A Coreia do Norte desafiou a comunidade internacional com um teste nuclear. O mundo já começou a reagir ao "acto provocatório".

A Coreia do Norte desafiou hoje a comunidade internacional, ao anunciar a realização de um teste nuclear subterrâneo com “cem por cento de êxito”.

Segundo um comunicado do Ministério dos Negócios Estrangeiros norte-coreano, o ensaio nuclear foi feito no âmbito de uma política de autodefesa sobre a crescente hostilidade dos Estados Unidos contra o regime comunista. "A enorme ameaça dos Estados Unidos de uma guerra nuclear, da aplicação de sanções e de pressão obrigam a DPRK [sigla em inglês da República Democrática Popular da Coreia] a realizar um ensaio nuclear, um processo essencial para desencorajar ataques nucleares, como uma medida de autodefesa", refere o documento.

O regime comunista norte-coreamo tinha prevenido, a 3 de Outubro, que efectuaria o teste desde que considerasse reunidas as necessárias condições de segurança. Nessa mesma altura, a Coreia do Norte prometeu "nunca usar a arma atómica em primeiro lugar" e "respeitar com sinceridade os compromissos no domínio da não-proliferação nuclear, como potência nuclear responsável". Segundo Pyongyang, a ameaça acabou por ser cumprida esta madrugada, cerca das 2h30 em Lisboa.

Para o general Loureiro dos Santos, especialista em assuntos militares e geoestratégia, a realização do ensaio nuclear por Pyongyang reflecte "a impotência da China" que agora "talvez aceite a imposição de sanções económicas contra a Coreia do Norte". Quanto a um hipotético ataque aéreo militar dos Estados Unidos contra as instalações nucleares norte-coreanas, Loureiro dos Santos sublinhou que "este poderia suscitar uma resposta demolidora de Pyongyang contra a Coreia do Sul e a chegada de um elevado número de deslocados à China".

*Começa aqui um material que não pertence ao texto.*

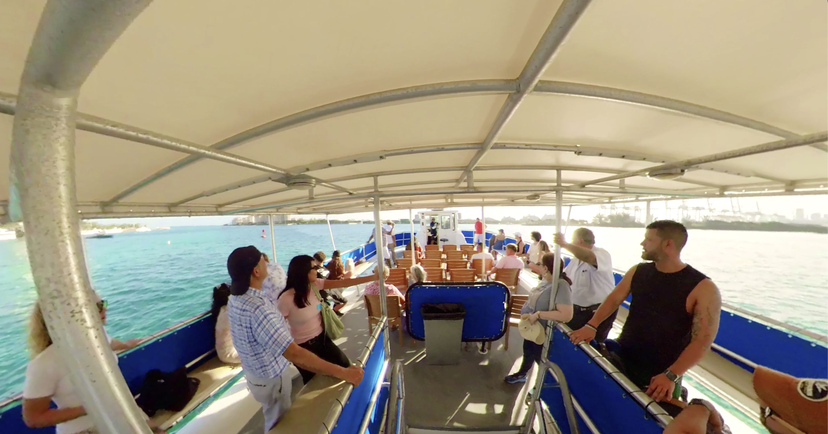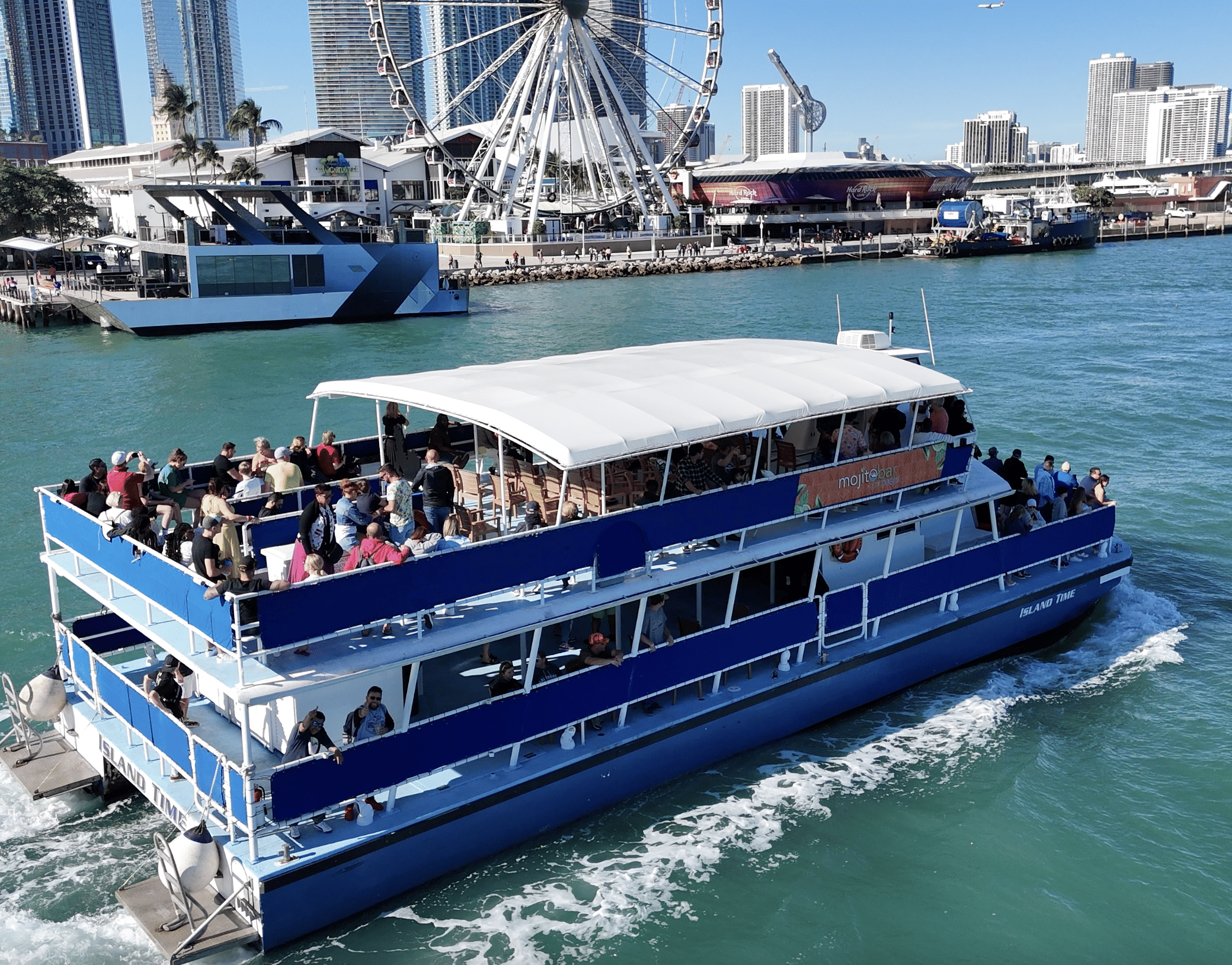 Once you've boarded, you're invited to the open-air top level, where striking panoramic views of the city and spectacular views of Miami from the water await. The upper deck is the perfect spot to immerse yourself in the vibrant atmosphere and breathtaking scenery.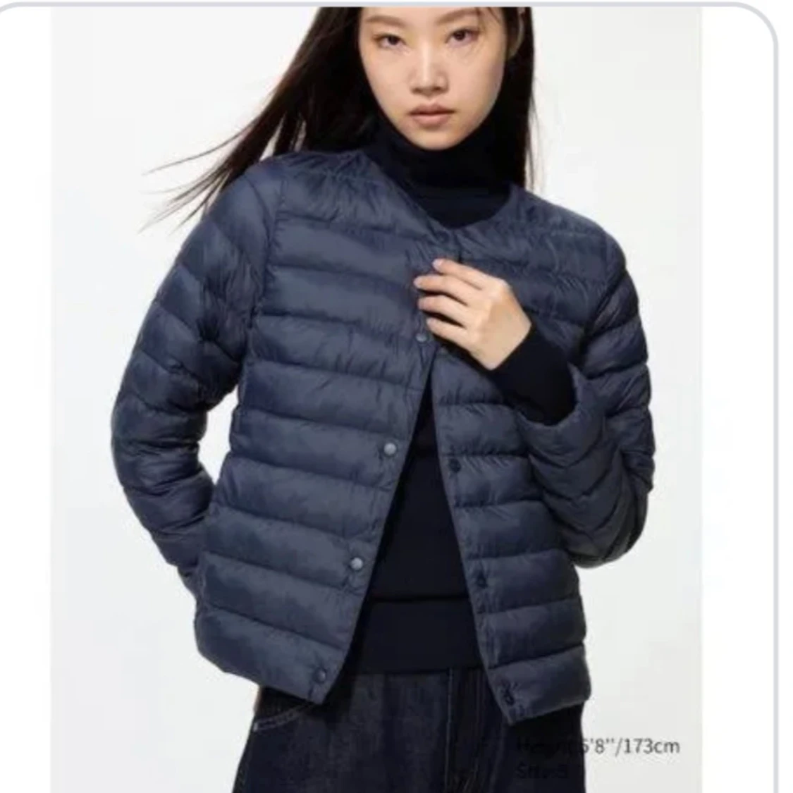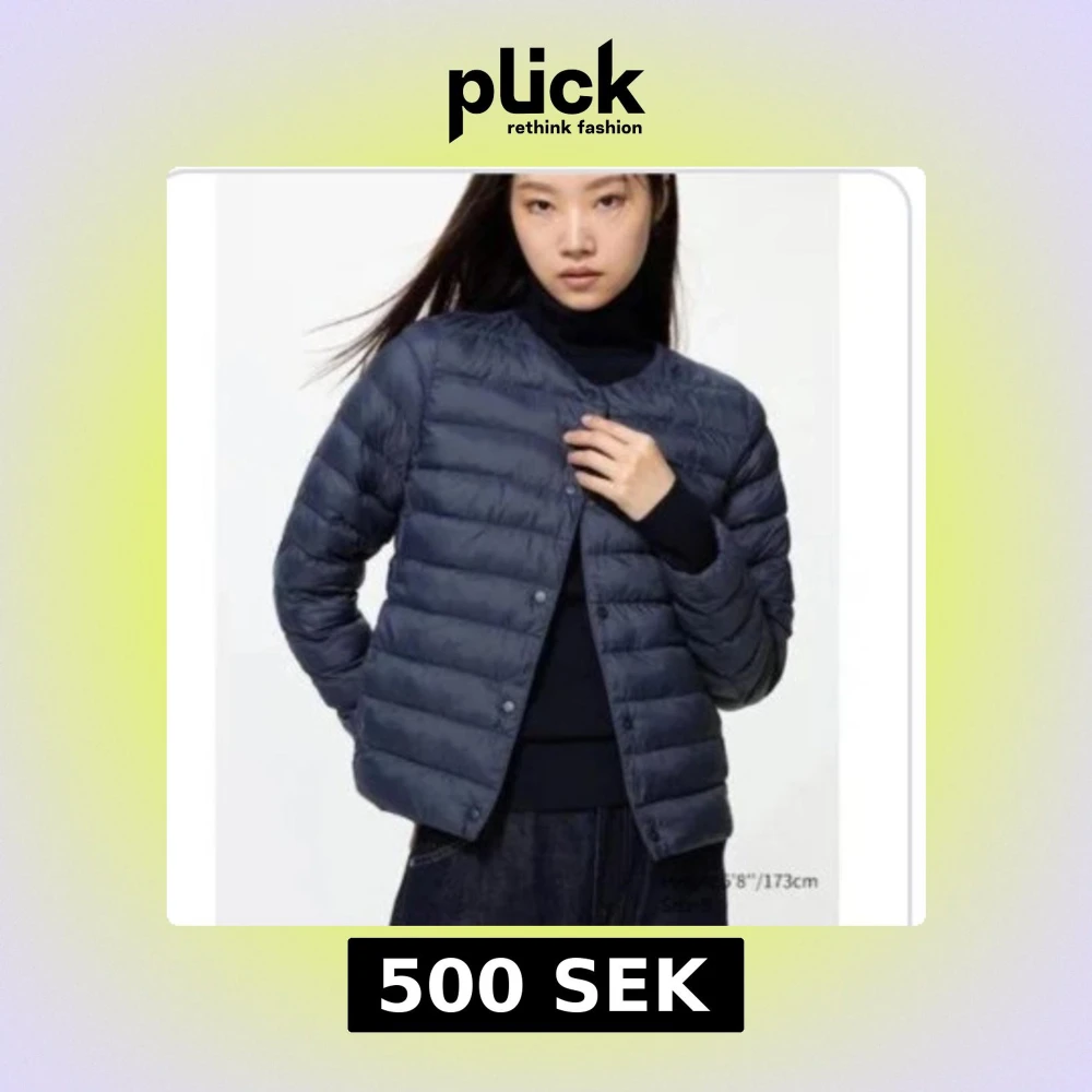 Säljer en stilren mörkblå dunjacka med rund halsringning och tryckknappar framtill. Jackan är quiltad och har en lätt, smidig passform som funkar perfekt till lager-på-lager. Klassisk look utan huva och med långa ärmar.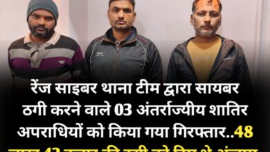 रेंज साइबर थाना टीम द्वारा सायबर ठगी करने वाले 03 अंतर्राज्यीय शातिर अपराधियों को किया गया गिरफ्तार..48 लाख 42 हजार की ठगी को दिए थे अंजाम,

O ministro dos Negócios Estrangeiros português, Luís Amado, encontra-se em viagem pelo Congo, não sendo, para já, possível obter uma reacção portuguesa ao ensaio norte-coreano. As reacções internacionais não se fizeram esperar e todas condenam o "acto provocatório" da Coreia do Norte.

APELOS E CONTESTAÇÃO DA COMUNIDADE INTERNACIONAL

"A Coreia do Norte ignorou as inquietações da comunidade internacional e procedeu de forma vergonhosa a um ensaio nuclear. O Governo chinês exprime desta vez a sua firme oposição." – comunicado do Ministério dos Negócios Estrangeiros chinês.

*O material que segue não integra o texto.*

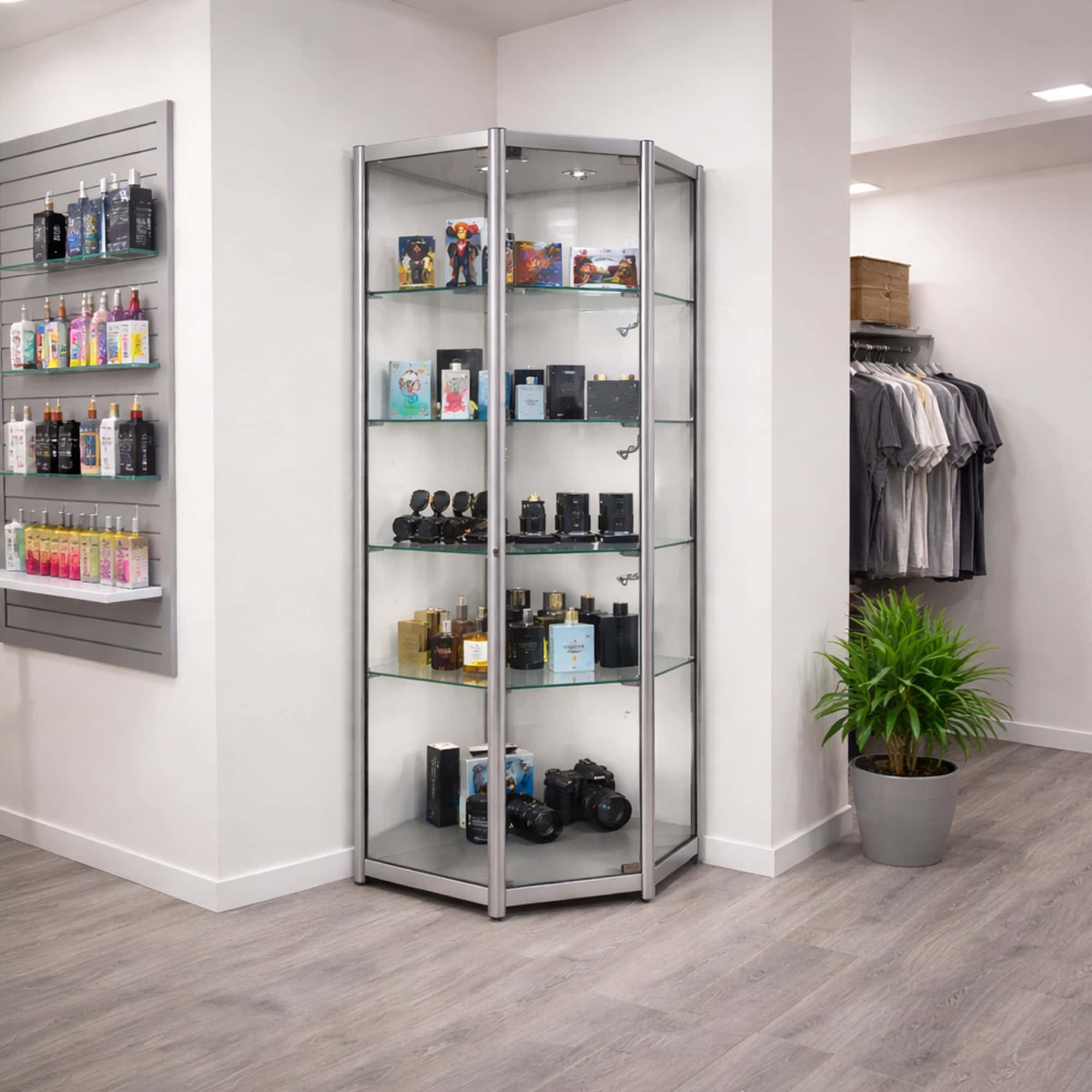 Aluminium & Glass Corner Display Cabinets for Retail Layouts

"O ensaio de armas nucleares pela Coreia do Norte não poderá nunca ser perdoado, mas devemos reunir e analisar mais informações sobre o dossiê mantendo a cabeça fria" – Sjinzo Abe, primeiro-ministro japonês.

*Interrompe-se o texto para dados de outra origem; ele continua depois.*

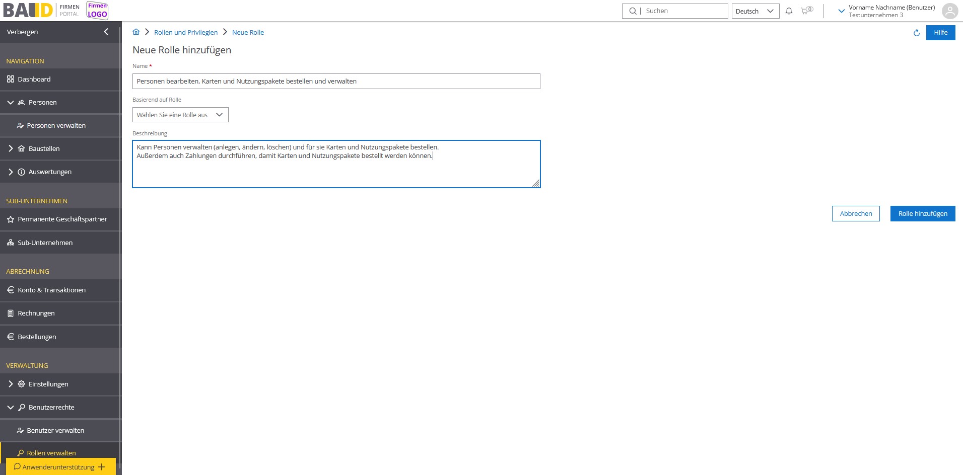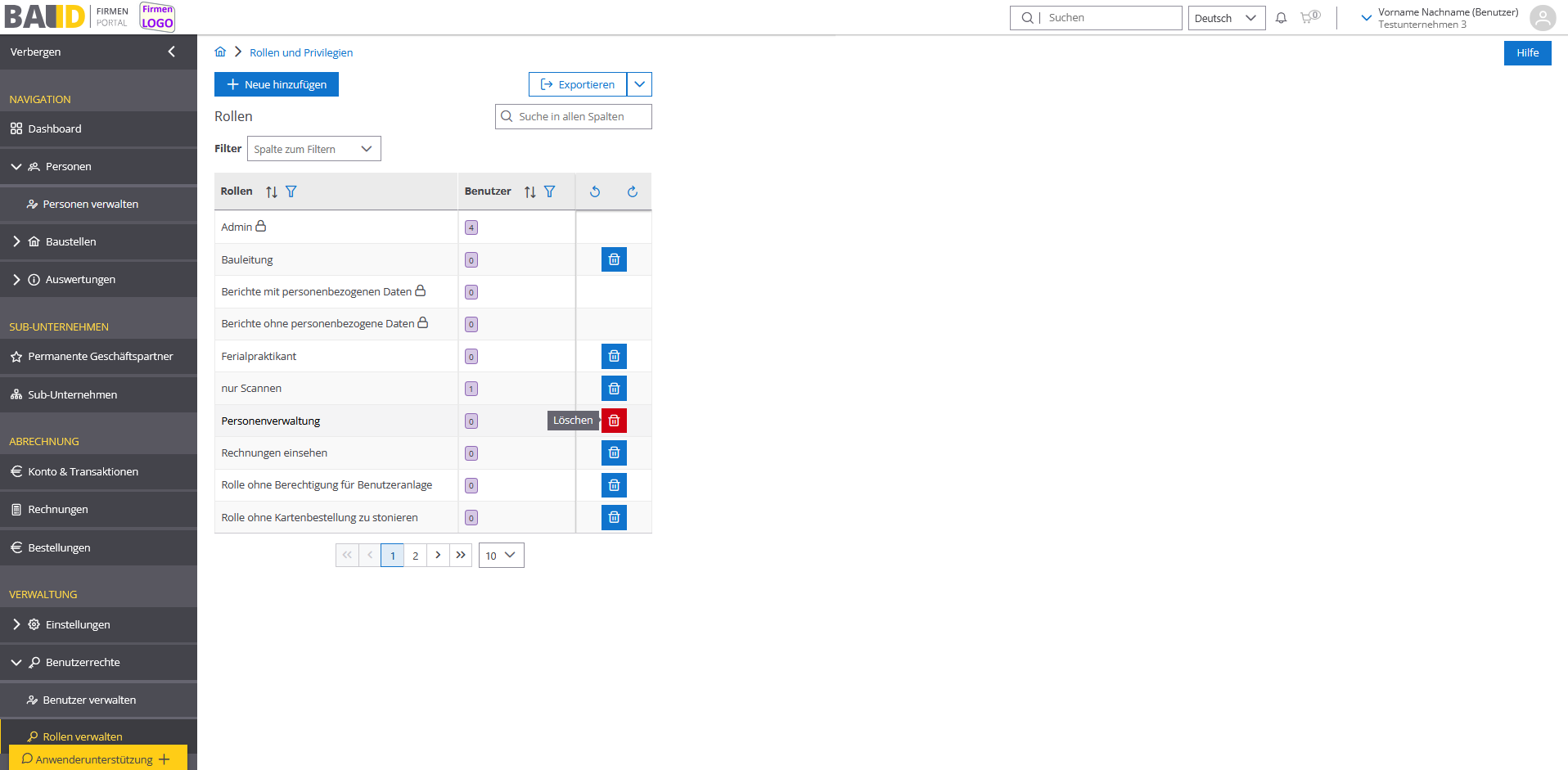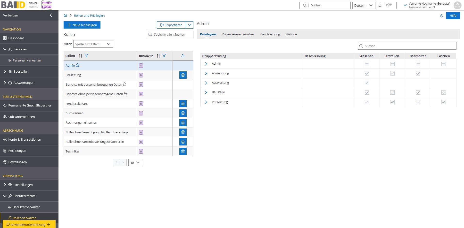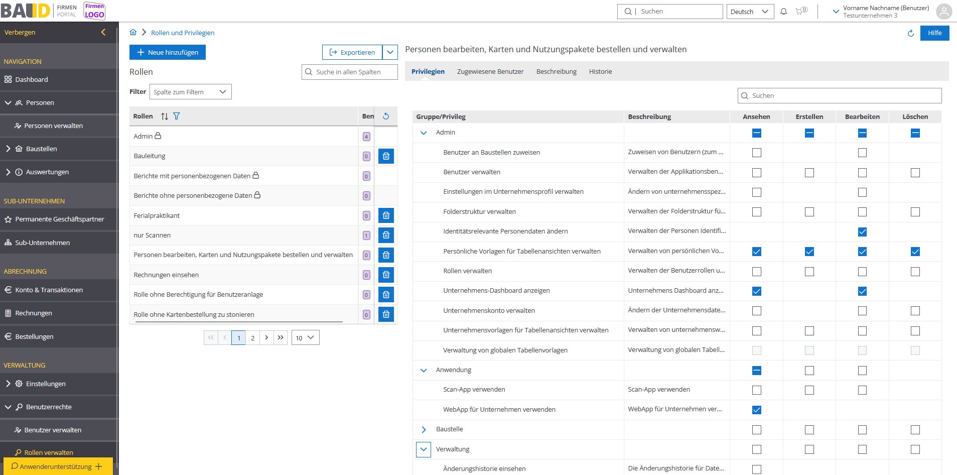 Zur Verwaltung Ihres Unternehmens und Ihrer Mitarbeiter:innen im BauID-System können Sie für Benutzer Rollen mit bestimmten Berechtigungen anlegen.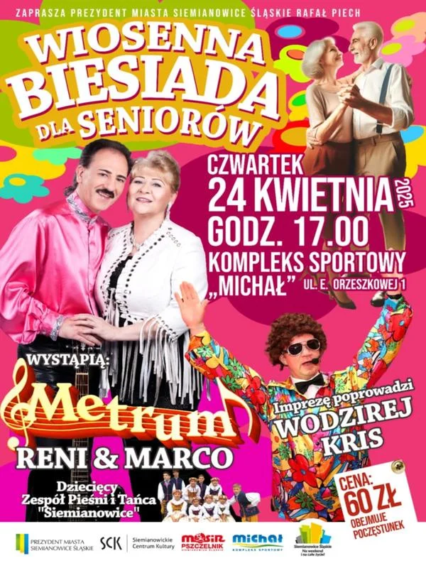 Siemianowickie Centrum Kultury oraz Miejski Ośrodek Sportu i Rekreacji zapraszają na wyjątkowe wydarzenie – Wiosenną Biesiadę dla Seniorów, która odbędzie się 24 kwietnia o godzinie 17:00 w hali Kompleksu Sportowego „Michał” w Michałkowicach.

"Pedimos à Coreia do Norte que tome, sem tardar, medidas para regressar ao Tratado de Não-Proliferação e que retome as negociações a seis (China, Estados Unidos, Japão, Rússia e as duas coreias)." – comunicado do Ministério dos Negócios Estrangeiros russo.

"Pyongyang violou os seus compromissos internacionais, pondo em causa a paz, a estabilidade e a segurança da Península Coreana e da região." – Ministério dos Negócios Estrangeiros indiano.

"O teste nuclear subterrâneo anunciado por Pyongyang representa uma séria ameaça à segurança e paz internacional." – comunicado da presidência da União Europeia.

"Este acto de provocação adicional demonstra o desprezo da Coreia do Norte face às preocupações dos países vizinhos e da comunidade internacional na sua totalidade." – Tony Blair, primeiro-ministro britânico.

"A comunidade internacional vai reagir de maneira enérgica." – Margaret Beckett, ministra dos Negócios Estrangeiros britânica.

"Um acto de grande gravidade para a segurança internacional." – Philippe Douste-Blazy, ministro dos Negócios Estrangeiros francês.

"A Coreia do Norte deve regressar imediatamente à via das negociações diplomáticas" – Miguel Angel Mora, ministro dos Negócios Estrangeiros espanhol.

"Pedimos ao Governo norte-coreano que suspenda imediatamente o seu programa de armamento e de mísseis nucleares, e que não proceda a mais ensaios." – Frank-Walter Steinmeier, ministro dos Negócios Estrangeiros alemão.